ESP32 can activate light sleep and deep sleep modes with a specific command, but there is another modem sleep mode; this is not a well-defined suspend like the others. It may be necessary to perform more than one operation to implement it.

So remember that modem sleep mode is virtual, not executed with a specific command, and to understand better, it is helpful to read the previous chapter.

The light sleep mode is, on the other hand, well defined, and there is a specific command to activate it. With this mode, the digital devices, most of the RAM, and the CPUs have a reduced clock frequency, and also the voltage is reduced. Upon exiting light sleep mode, peripherals and CPUs resume functioning, preserving their internal state.

Function Block diagram Espressif esp32 Wi-Fi Bluetooth Microcontroller
Function Block diagram Espressif esp32 WiFi Bluetooth Microcontroller

In this table, taken from the esp32 datasheet, there is information on how to group sleep modes.

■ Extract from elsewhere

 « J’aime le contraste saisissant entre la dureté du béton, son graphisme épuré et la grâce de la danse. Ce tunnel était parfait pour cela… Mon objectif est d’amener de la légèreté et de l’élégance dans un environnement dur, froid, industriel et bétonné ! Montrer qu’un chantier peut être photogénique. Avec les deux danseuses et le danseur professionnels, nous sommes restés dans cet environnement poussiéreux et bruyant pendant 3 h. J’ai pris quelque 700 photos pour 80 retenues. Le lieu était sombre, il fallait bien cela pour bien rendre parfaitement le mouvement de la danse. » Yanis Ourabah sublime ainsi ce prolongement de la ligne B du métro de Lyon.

Power mode Description Power consumption

Active (RF working)
Wi-Fi Tx packet 78 mA ~ 90 mA without communication
For TX RX more info in the next table
Wi-Fi/BT Tx packet
Wi-Fi/BT Rx and listening

Modem-sleep

The CPU is powered on.
240 MHz * Dual-core chip(s) 30 mA ~ 68 mA
Single-core chip(s) N/A
160 MHz * Dual-core chip(s) 27 mA ~ 44 mA
Single-core chip(s) 27 mA ~ 34 mA
Normal speed: 80 MHz Dual-core chip(s) 20 mA ~ 31 mA
Single-core chip(s) 20 mA ~ 25 mA
Light-sleep 0.8 mA

Deep-sleep
The ULP co-processor is powered on. 150 µA 100 µA @1% duty 10 µA
ULP sensor-monitored pattern
RTC timer + RTC memory
Hibernation RTC timer only 5 µA
Power off CHIP_PU is set to low level, the chip is powered off. 1 µA

How to measure ampere

esp32 dev kit pinout v1
esp32 dev kit pinout v1

Now we will check how much power consumes the ESP32 in many situations and configurations. Here is the connection schema we used.

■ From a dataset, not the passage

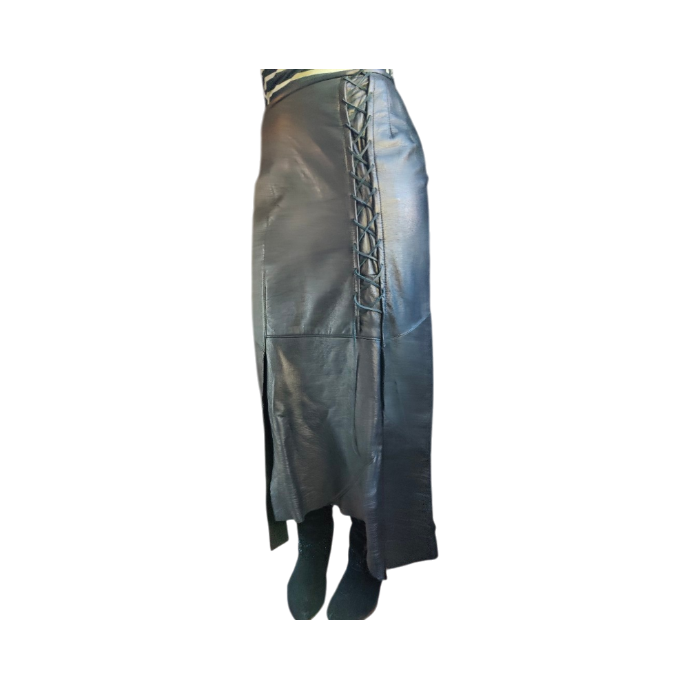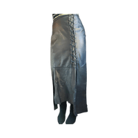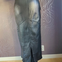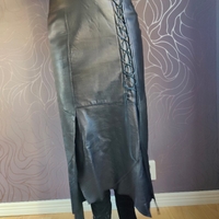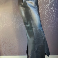 Musta pitkä nahkahame, nyörit vasemmalla puolella, edessä halkiot etukappaleella, takana halkio keskellä. Helma edestä lyhyempi. Vuori on asetaattia.

Power the esp32 to the 5v pin and GND pin with an external power supply and disconnect the USB. To log, we use the Serial2 port, but if you want to use the Serial port, you must only move the FTDI converter to the TX pin instead TX2 pin. You can’t use USB because it powers the device, and the multimeter gets the wrong amperage.

Modem sleep

If WiFi connection needs to be maintained, enable WiFi modem sleep, and enable automatic light sleep feature. This will allow the system to wake up from sleep automatically when required by WiFi driver, thereby maintaining connection to the AP.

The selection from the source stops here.